Now the tables are turning: Businesses are beginning to infiltrate bank territory.

The Automobile Club of Southern California recently set up shop in branches of two local banks, Broadway Federal Bank of Los Angeles at 4143 Crenshaw Blvd. and Founders National Bank at 4835 Venice Blvd.

In those branches, the Automobile Club has established Travel & Insurance Centers, stands staffed by two or three people where members can get information about insurance and travel products.

Banking analysts aren't exactly predicting that fruit stands will soon show up in bank branches, but the appearance of new retail services in the wide open field of banking is no surprise.

"The blurring of the lines continues between banking, insurance, retail, brokerage, investment management, etc." said Larry Vitale, a managing director of research at Bear Stearns & Co. Inc. "Sometimes we have things come through where we don't know whether it should be watched by a banking analyst, an insurance analyst or another kind of analyst."

This is the first time the Automobile Club has teamed up with a partner since its founding in 1900.
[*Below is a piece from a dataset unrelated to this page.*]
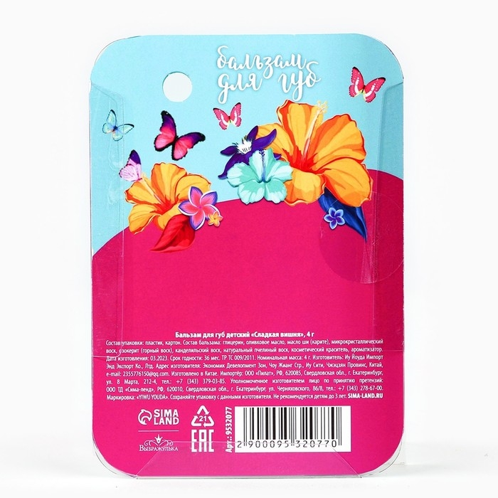 Бальзам для губ детский «Сладкая вишня», 4 гр
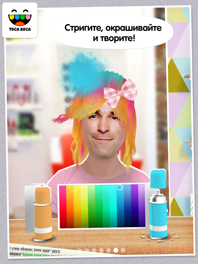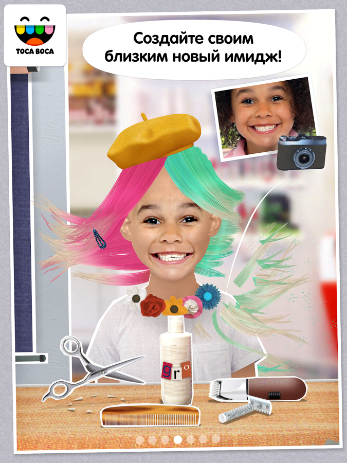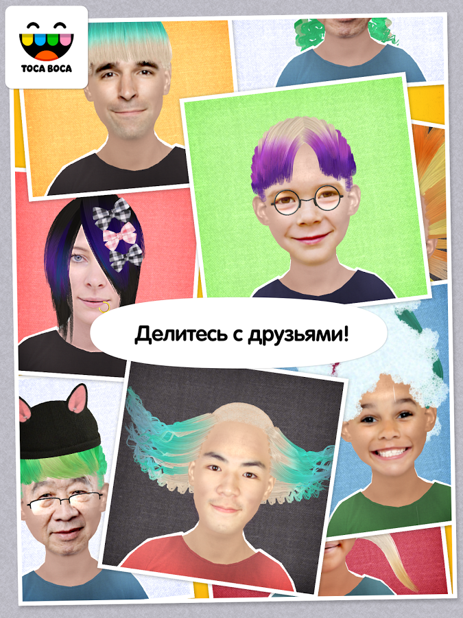 Придумывайте и воплощайте прически мечты для себя или своих близких! Выпрямляйте, завивайте, наращивайте, состригайте, безжалостно сбривайте; а то, что получилось, окрашивайте во все цвета радуги. Все это возможно в Toca Hair Salon Me!

The club proposed the centers for Founders National and Broadway Federal partly because of its business history with them, said spokesman Jeffrey Spring. In 1993 it made a pledged deposit in Broadway and invested $500,000 in preferred stock in Founders.

As of now, Spring said, the club has no plans to establish centers in other banks or businesses.
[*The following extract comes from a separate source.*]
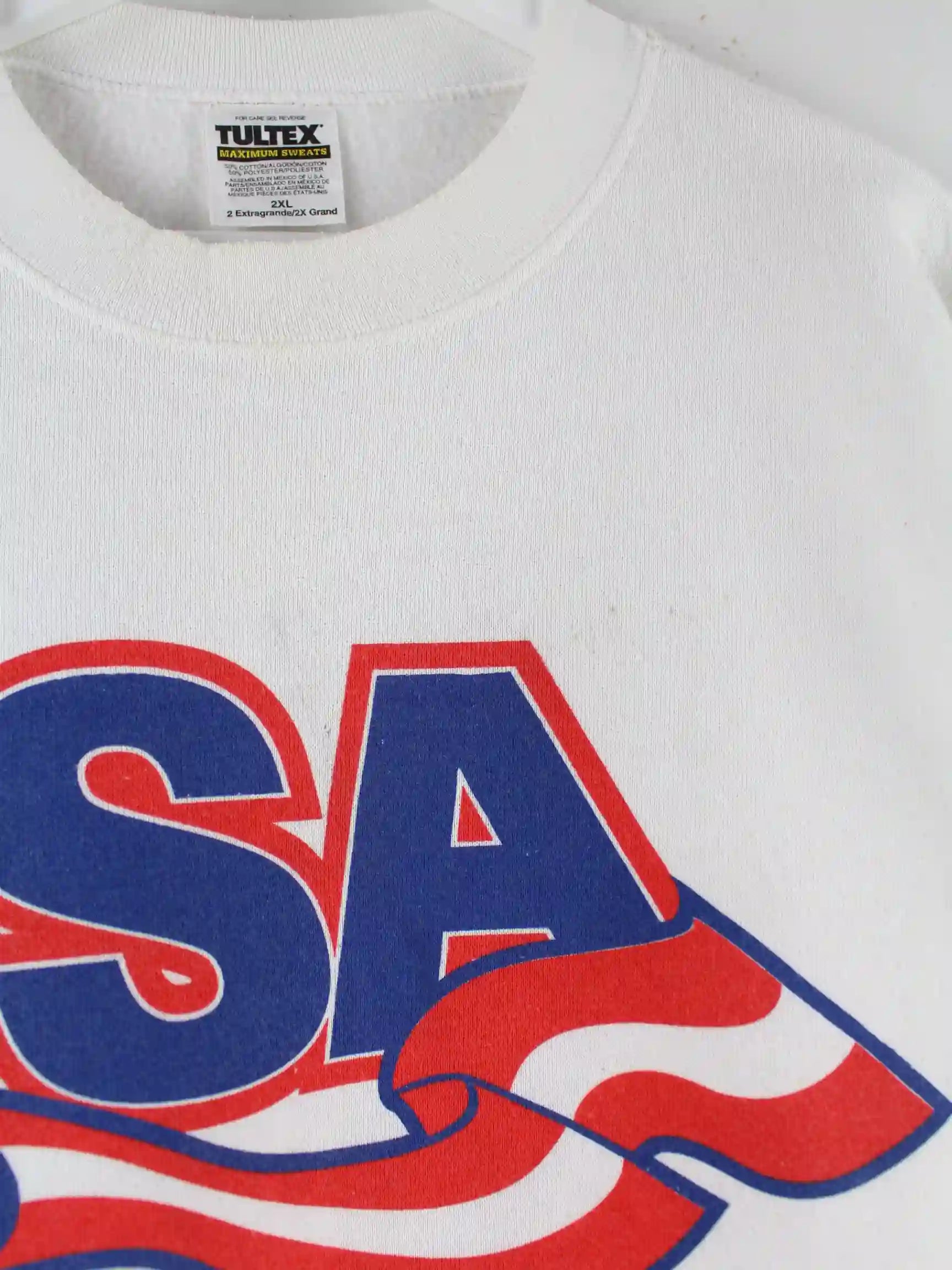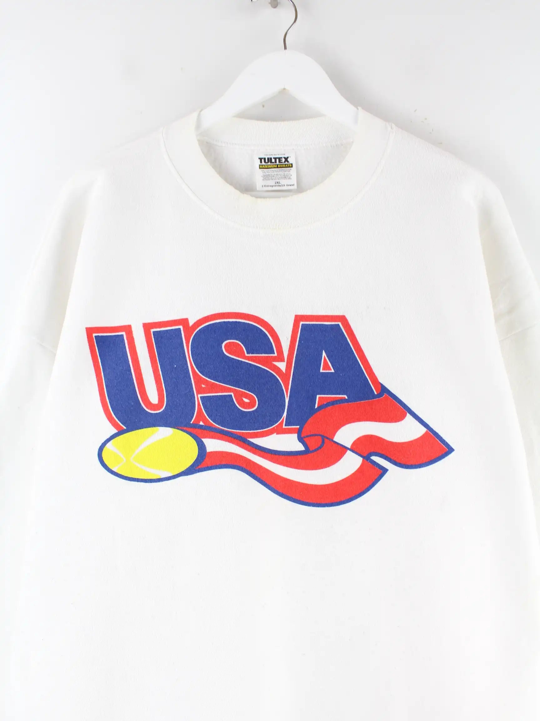 Sweater aus dem Hause Tultex in Größe XXL. Er ist aus einer Baumwollmischung produziert und in Weiß lieferbar. Mit seltenem USA Print.
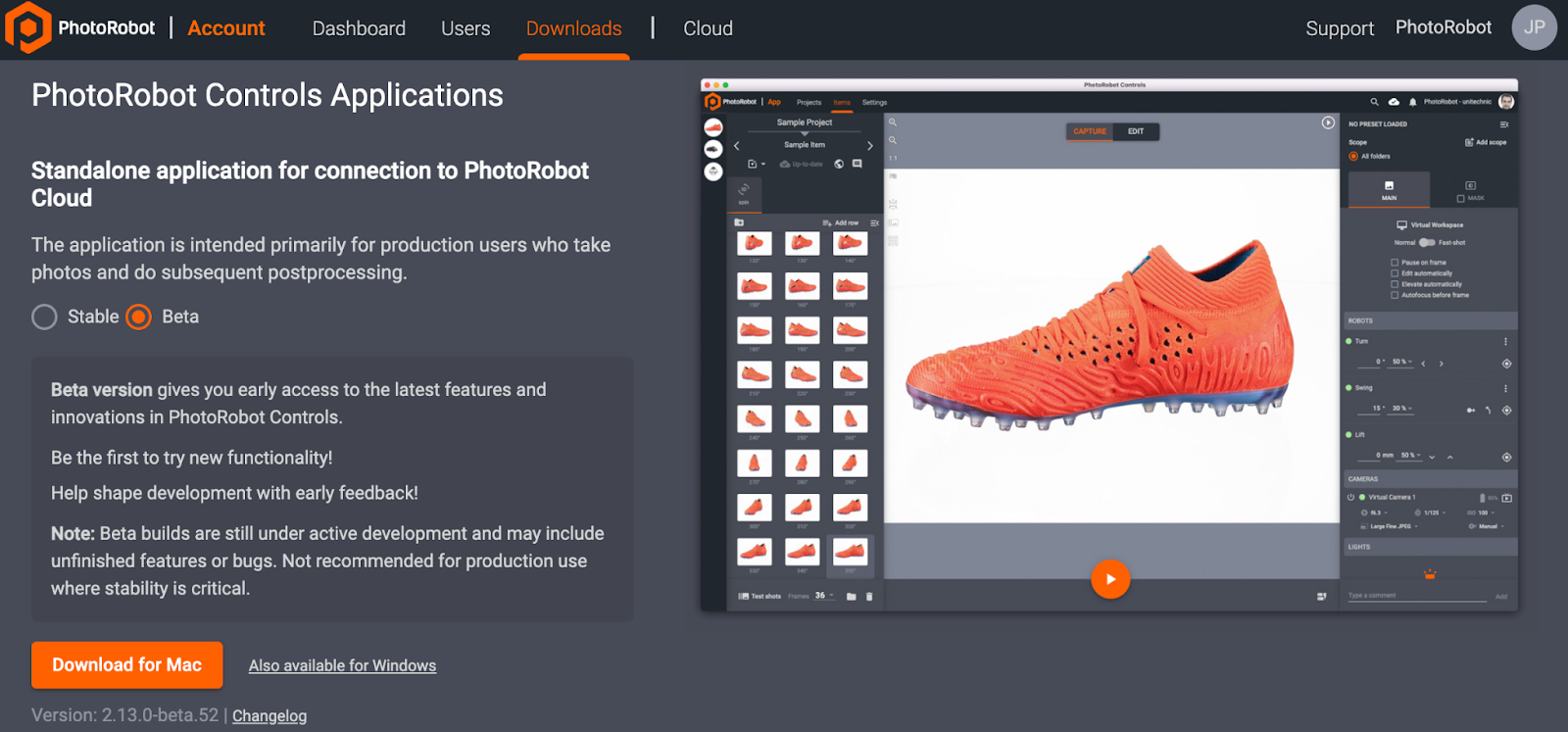 PhotoRobot _Controls App software is available for download via your PhotoRobot Account. It is not included with the machine delivery. PhotoRobot _Controls App software is purchased separately from the machine.

Each bank has four branches, all located within the city of Los Angeles.

H. Scott Perry, the Founders Bank director of development, said the bank has had offers from other outfits to set up in its branches. But the savings and loan, which focuses on inner-city markets, said it accepted the proposal from the Automobile Club because it is "a company of high standards and brings a good opportunity for cross selling each others products."

He said the concept of "co-branding" has proven itself with banks entering retail operations, and now the concept is going the other direction.

The Automobile Club of Southern California is a mutual benefit, non-profit company and an affiliate of AAA.